The changing dynamics behavior is assumed to be caused by a changing modulus of elasticity of the web. As a dynamics model is used for the load imitation in the demonstrator, the corresponding parameter for the modulus of elasticity serves as a ground truth, while the corresponding parameter in the online simulation should converge to this value to prove the functionality of the synchronization mechanism. The functionality of the virtual web tension sensor is proven by showing that the closed-loop controller manages to keep the actual web tension at the desired value by using the virtual sensor as feedback. The accuracy of the used dynamics model was not validated by the experiment, as the model was used for both, the load imitation and the online simulation. However, apart from this, the proposed system is facing real-world conditions, as real components from industrial practice are used with a dynamic load in the demonstrator.
Experiment results
Fig. 9 [Images not available. See PDF.]
Rapid change of elasticity tracked by the synchronized online simulation
During the experiment, the web tension control should keep the web tension in the considered section at 80 N, which corresponds to the same web tension that the previous section has for the initial modulus of elasticity of 8700 . As therefore, the initial web strain is equal to the previous section, also the roller velocities in the considered section are initially equal at the desired web transport velocity of 3 m/s. The result is depicted in Fig. 9. Note that the velocity values were smoothed by a moving average filter over 20 values, while the data was recorded every 20 ms.
Within printing machines, rapid changes of the elasticity of up to 20% are possible [20]. To replicate this, the modulus of elasticity in the imitated mechanics is increased instantaneously to 10,500 in the experiment, which is depicted in Fig. 9c. This directly results in a higher web tension in the considered section (see Fig. 9d). As the web tension control relies on the virtual sensor, it does not react to this increase. However, the resulting motor torque at the second real servo axis also increases significantly due to the increased web tension (see Fig. 9b). Hence, the model synchronization mechanism is detecting a high discrepancy between the simulated and real motor torques at the second servo axis. This leads to an adaption of the modulus of elasticity in the online simulation, which is seen in Fig. 9c. After about 20 s, the estimated modulus of elasticity in the simulation already reaches the real modulus of elasticity with a discrepancy of less than 1%. As the modulus of elasticity is increasing successively in the simulation, also the simulated web tension would increase. However, the web tension control keeps the simulated web tension at 80 N by successively increasing the velocity of the first servo axis (see Fig. 9a). Hence, the simulated web tension remains constant, but the behavior of the web tension control is getting more suitable to the real behavior, because of the converging modulus of elasticity. By this, the real web tension also converges to its desired value (see Fig. 9d).

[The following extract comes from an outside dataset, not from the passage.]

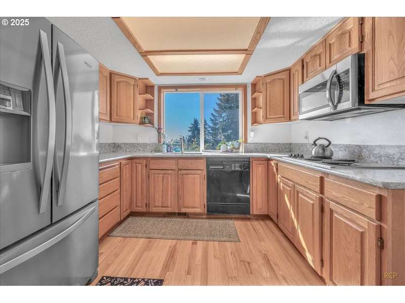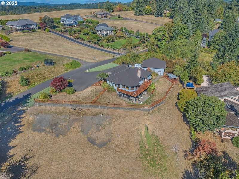 Builder’s own exceptional custom residence is situated on a spacious, fenced .92-acre lot. Offering 2,637 square feet of living, the home features three bedrooms and two and a half bathrooms. An attached two-car garage equipped with automatic openers adds ease to your day. The awe-inspiring views from every window in the comfortable living room will take your breath away. A stunning custom brick gas fireplace serves as the centerpiece, creating a warm and inviting atmosphere. Sliding doors lead directly to the extensive deck, providing an ideal space for entertaining guests or relaxing with family and friends. The kitchen is outfitted with hardwood floors, stainless appliances including French door refrigerator, cooktop & double ovens and offers a convenient pantry for ample storage. A sunny breakfast nook provides the perfect spot to start your day, basking in natural light. The primary suite features French doors, a generous walk-in closet and an ensuite bathroom equipped with dual sinks, shower, and a step-in soaking tub. A sliding door offers direct access to the deck, enhancing the suite’s private retreat feel. On the lower level, the family room boasts a gorgeous brick gas fireplace and the added functionality of a kitchenette. A sliding door opens to the patio, seamlessly blending indoor and outdoor living spaces. For added practicality, this home includes two washer and dryer hookups—one on the main level and one on the lower level where the utility room also has a sink. The property boasts an impressive detached 40x38 shop that is equipped with three roll-up doors, providing ample parking for your RV and your toys. Features include concrete floors, water and power connections, and the added benefit of a half-bath for extra convenience.

With the increased modulus of elasticity, the web strain is getting smaller to remain the same web tension. As the web strain of the previous section remains constant in this experiment, the roller velocities could not be equal anymore in the stable state (see Eq. (5)), which results in a higher velocity of the first axis (see Fig. 9a).
Discussion
This experiment shows that the implemented synchronized online simulation is able to automatically react to a changing system behavior through an online model adaption. By this, the synchronized online simulation is able to reflect the real system, ensuring reliable simulation results. In particular, the synchronization mechanism adapts the modulus of elasticity in a way that the simulated motor torque and the real motor torque at the second servo axis correspond. By this, the requirement of providing reliable estimates of the web tension with low noise as a virtual sensor for a closed-loop web tension control is met.

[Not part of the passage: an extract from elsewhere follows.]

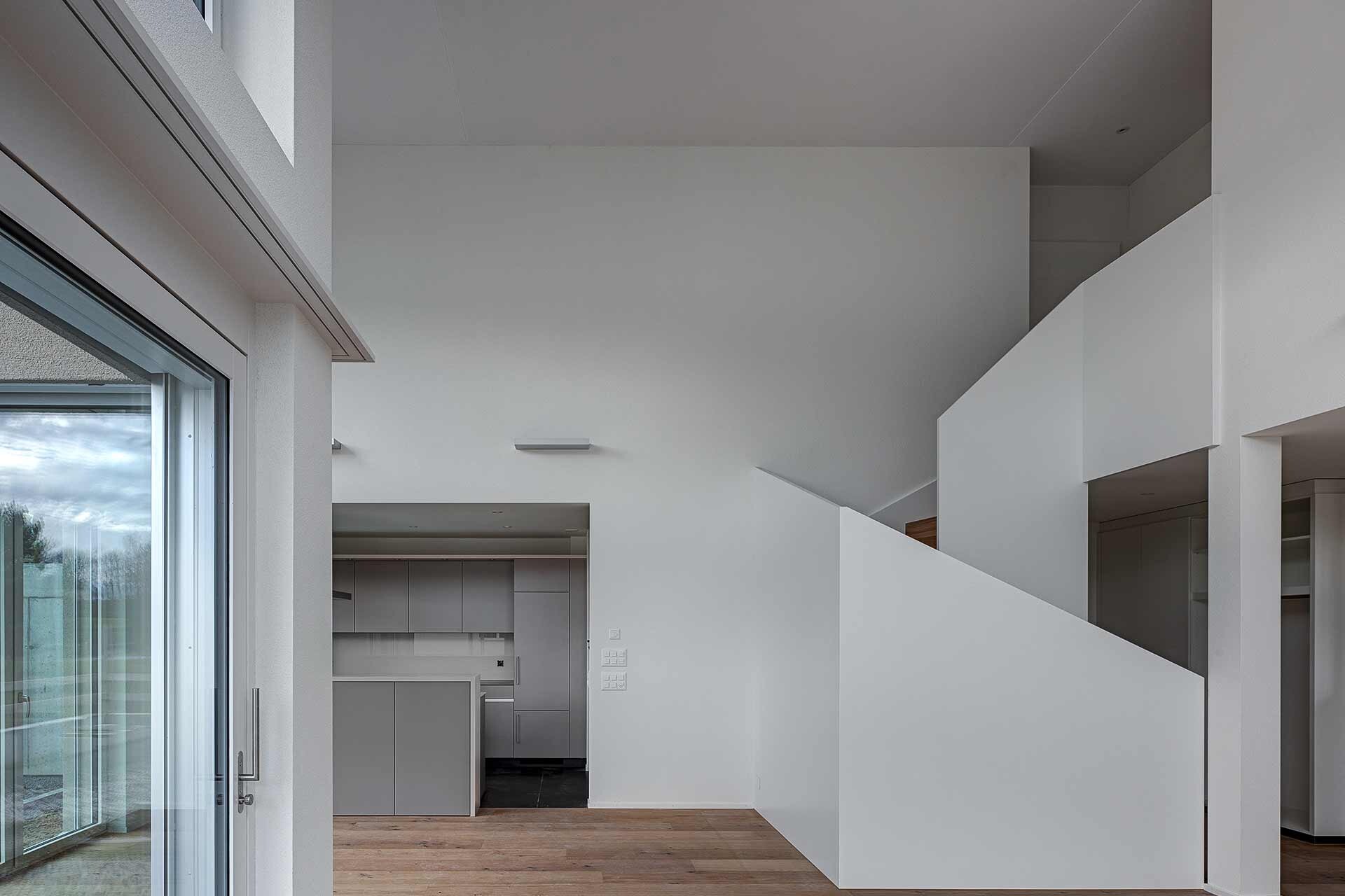 Das neue Dreifamilienhaus mit einer Einstellhalle ersetzt ein siebzig jähriges Einfamilienhaus. Eine neue Gebäudevolumetrie übernimmt den Auftakt an der Strasse und steht im Dialog mit den umliegenden stattlichen Mehrparteienhäusern. Drei verschiedene Geschosswohnungen sind über ein nordseitiges Treppenhaus mit Aufzug erschlossen. Südseitig öffnen sich die beiden oberen Einheiten mit grossen Fenstern und Balkonen zu einer imposanten Nah- und Fernsicht. Mit einem zweigeschossigen Wohnraum erhält auch die Gartenwohnung eine gleichwertige Raumqualität. Erdsonde, Photovoltaikanlage, eine gut gedämmte Gebäudehülle sowie eine verdichtete Bauweise ergeben so ein zeitentsprechendes, energieeffizientes Wohnhaus.

As the implementation is intended to demonstrate the principles of synchronized online simulation with an imitated web transport system as an example, the model synchronization mechanism was not optimized to fit to a particular scenario. In the evaluated experiment, the synchronization took a relatively long time, but the resulting estimation for the modulus of elasticity was relatively stable despite the inconsistent torque measurement. As indicated before, the synchronization gains could be chosen higher for a faster and more sensitive adaption, which conversely would also lead to higher instability towards noisy and inconsistent torque measurements. In practice, the gains have to be adjusted to meet the specific requirements optimally.

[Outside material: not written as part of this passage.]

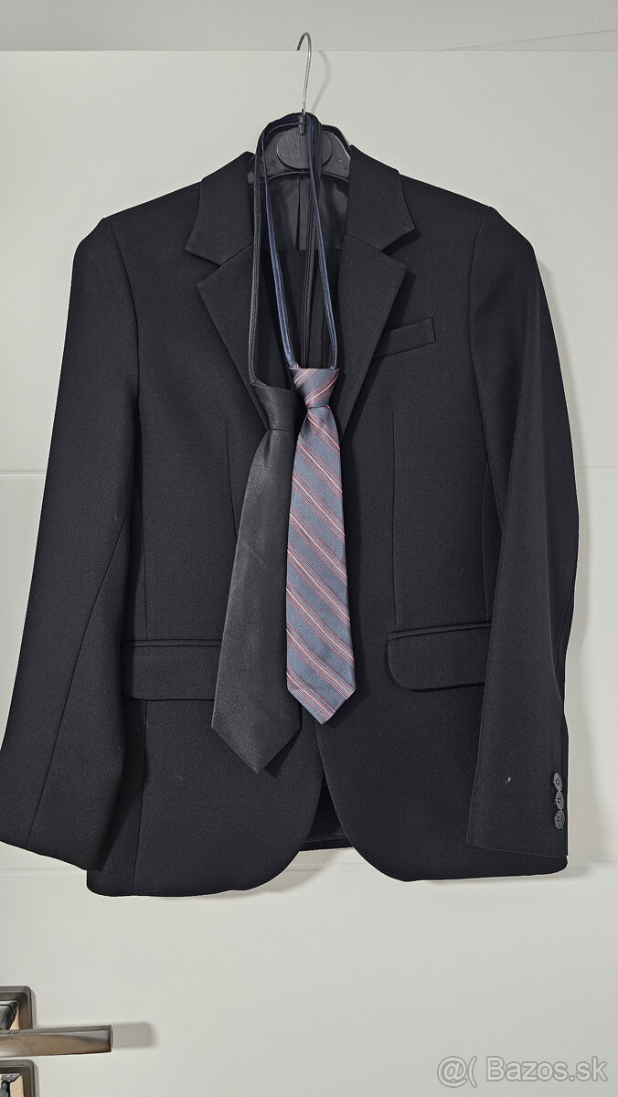 Predám čierny oblek s košeľou pre chlapca – vek cca 9-12 rokov, podľa výšky, veľkosť 152. Rozmery cca: Sako rozmer zadnej časti dĺžka 67cm, šírka: plecia 35 cm, pás 44 cm, rukáv 57 cm. Nohavice prispôsobivý pás: max. 39cm x2, dĺžka nohavice – vonkajšia 87cm, vnútorná 67cm. Biela košeľa veľkosť 36, na 158 cm. Cena za celý komplet 20 €, Žilina, len osobný odber.

An alternative synchronization method would be to detect the changing system behavior by the comparison of the motor torques and trigger an optimization algorithm to find a suitable parameter adaption. However, this method is still not able to adjust the model parameters directly after the modification, as a sufficient set of data has to be collected for the new system behavior at first. Additionally, an optimization algorithm is computationally costly and a less frequent adaption could be insufficient for faster changes in the system behavior. In general, this means that a continuous synchronization is more suitable for small but frequent changes, whereas a stepwise synchronization is more suitable for an application with less but more drastic changes.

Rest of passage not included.